Everything from the line containing "- Now we’re" through the final line of the entries must be repeated exactly, and only that, without pictures.

--- RAW DATA ---
—————

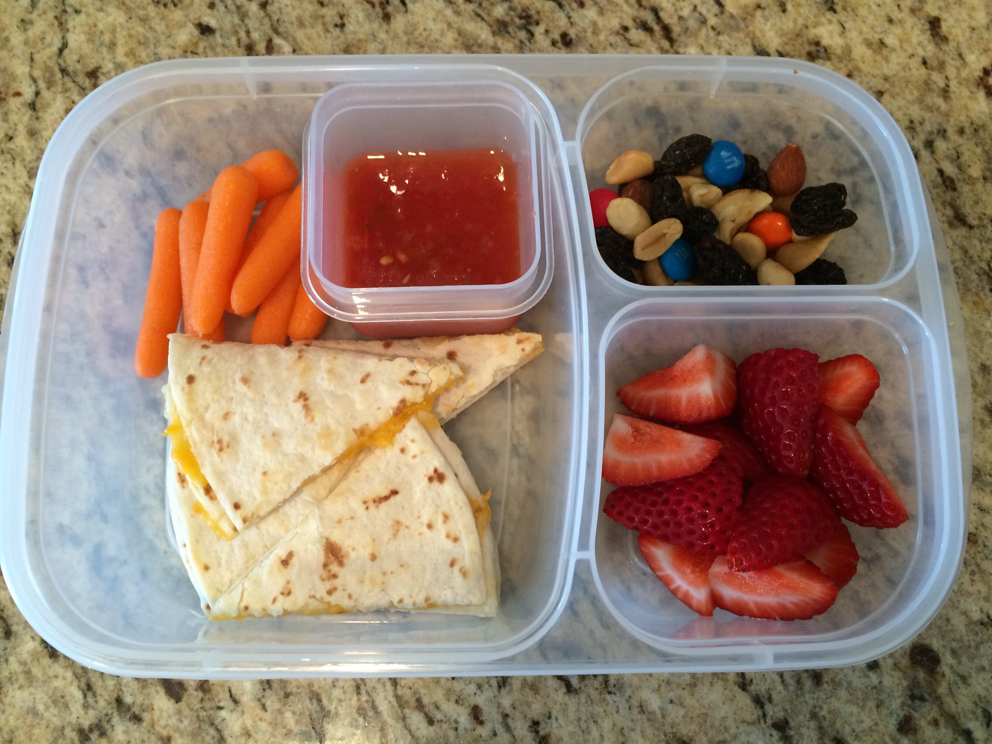Cheese quesadilla with mild salsa for dipping, baby carrots, strawberries, and some trail mix.
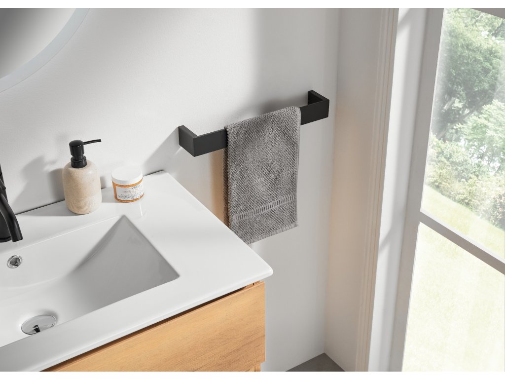 Držiak uterákov má moderný vzhľad, ktorý sa ľahko zladí s rôznymi dekoratívnymi štýlmi kúpeľne. V našej ponuke je možné vyberať z čierneho a chrómového prevedenia. Stačí tak prihliadnuť na design vašej kúpeľne. Svoje jednoduché a funkčné prevedenie robí z tohto držiaka ideálny doplnok do každého domova, ktorý nemusí nájsť využitie iba v kúpeľni.
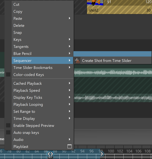 You can create a shot directly from a selected frame range in the Time Slider using the context menu.
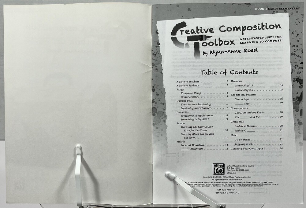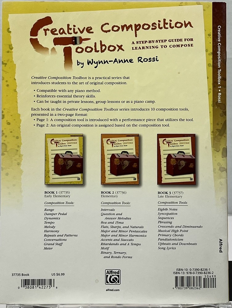 Unleash your creativity with Wynn-Anne Rossi's Creative Composition Toolbox, Book 1. Get the chance to hone your composition skills with the help of this activity book that's perfect for young adults, ages 9-12, and adults alike. Discover a wide range of topics, including instruction and study on composition, musical instruments, and piano and keyboard, through its illustrated pages that provide a comprehensive guide to composing your music masterpiece. With 24 pages of fun and educational activities, this book will surely bring out the composer in you. FODDER & SUNS Thank you for visiting our store! Please be assured that we clean and inspect every item available to the best of our ability. Any defects or special features are noted either in pictures and/or the listing condition. We offer returns on most items except those that are for parts or repairs. Please review the listing carefully and ask any questions before purchase. Follow our store for new items added daily as well as special offers and coupons! We appreciate your business. Thanks for looking!
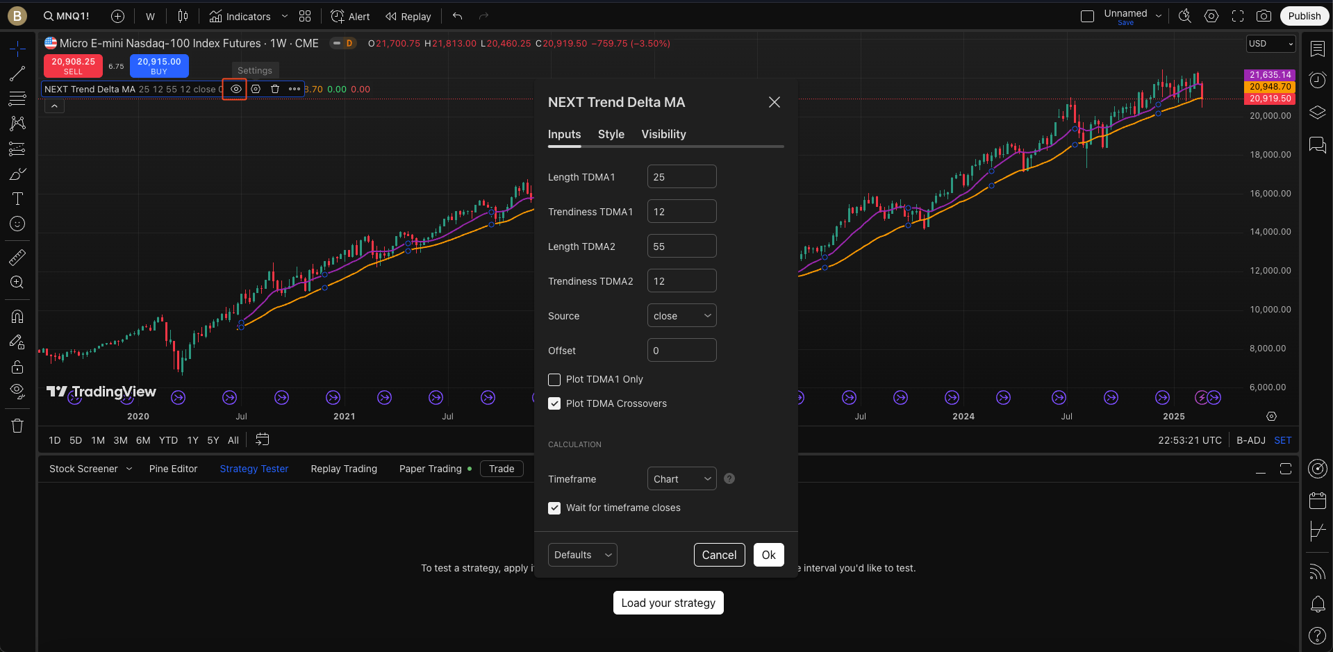 - Now we’re near the end! It’s time to make the indicators and strategies suit your exact needs. You can easily adjust and make changes to them by clicking on the nut wheel at the end of the text line that appears on the chart. You can also hide the effects of the indicator or strategy and remove it from the same menu.
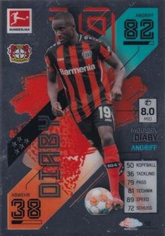 Moussa Diaby 2021 Topps Chrome Match Attax Bundesliga #92 Base RAW Price Guide
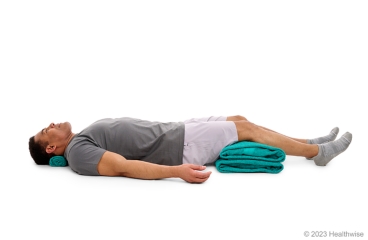 - Lie on your back with a rolled towel under your neck. Support your knees with something, such as pillows or folded towels or blankets. Extend your arms comfortably to your sides.
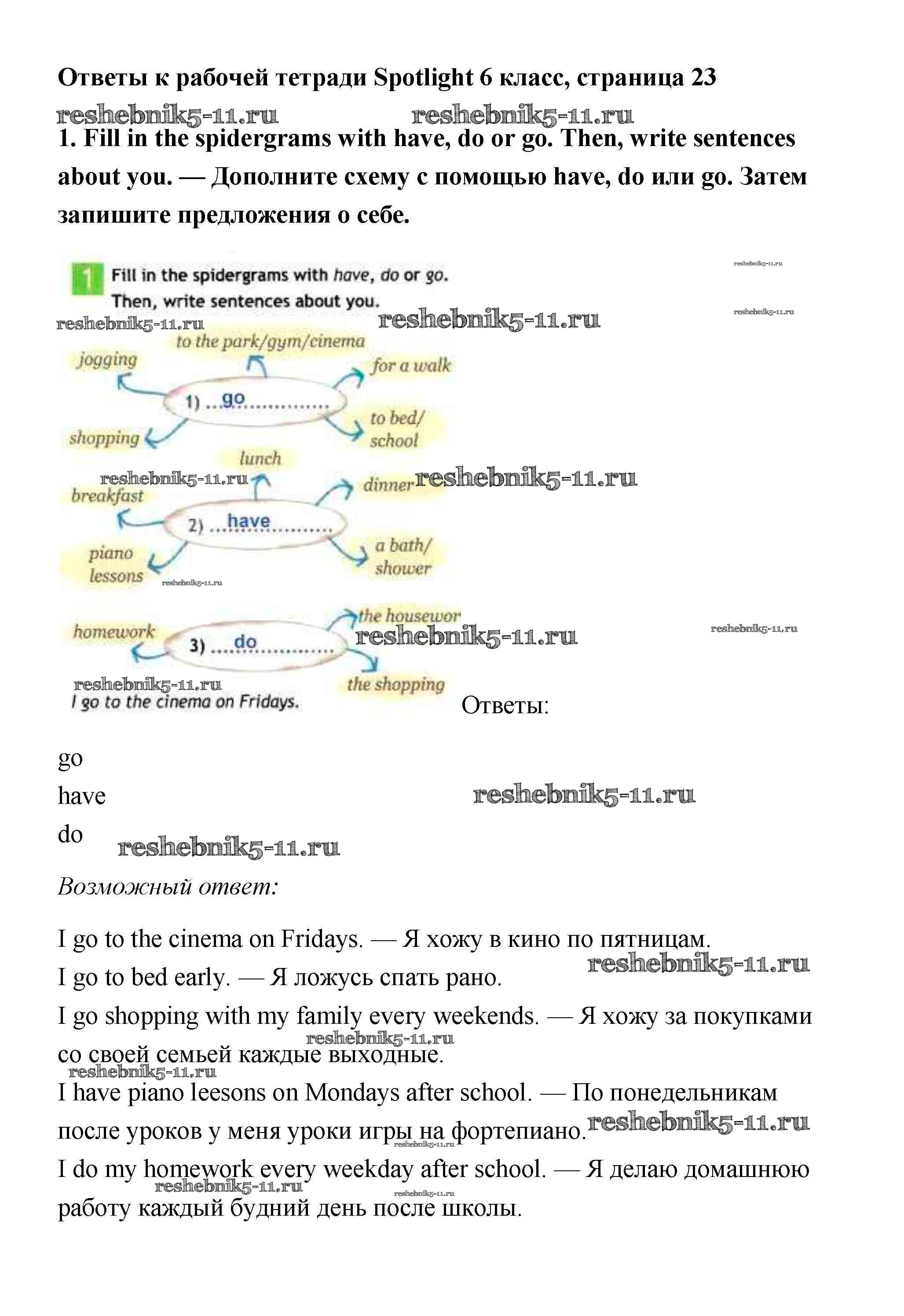 Готовая домашняя работа с ответами по Английскому языку за 6 класс Эванс, Дули, Подоляко, Ваулина Рабочая тетрадь Spotlight Просвещение 2011 - Страницы 23
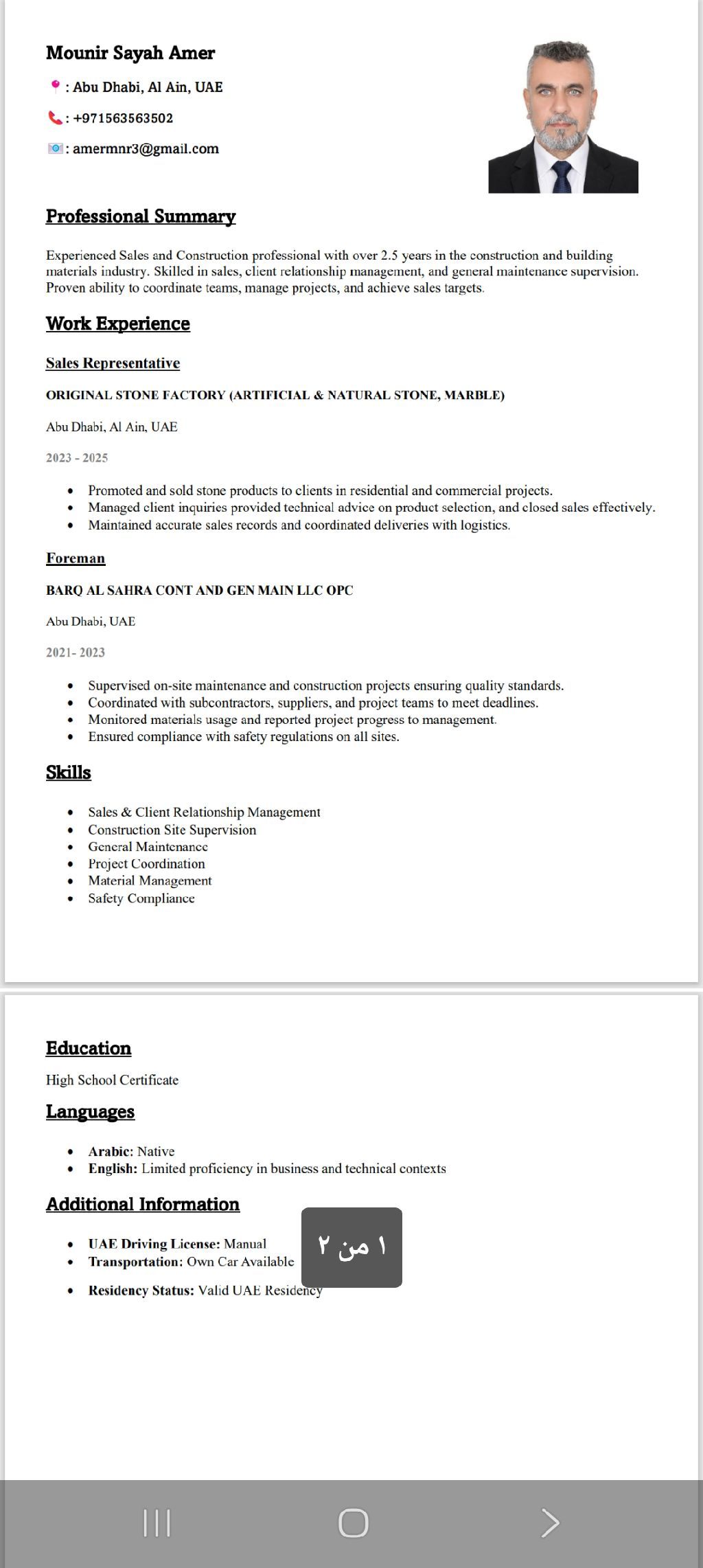 يطلب عمل مقاولات في العين الإمارات

—————

--- TASK OUTPUT ---
 - Now we’re near the end! It’s time to make the indicators and strategies suit your exact needs. You can easily adjust and make changes to them by clicking on the nut wheel at the end of the text line that appears on the chart. You can also hide the effects of the indicator or strategy and remove it from the same menu.
 Moussa Diaby 2021 Topps Chrome Match Attax Bundesliga #92 Base RAW Price Guide
 - Lie on your back with a rolled towel under your neck. Support your knees with something, such as pillows or folded towels or blankets. Extend your arms comfortably to your sides.
 Готовая домашняя работа с ответами по Английскому языку за 6 класс Эванс, Дули, Подоляко, Ваулина Рабочая тетрадь Spotlight Просвещение 2011 - Страницы 23
 يطلب عمل مقاولات في العين الإمارات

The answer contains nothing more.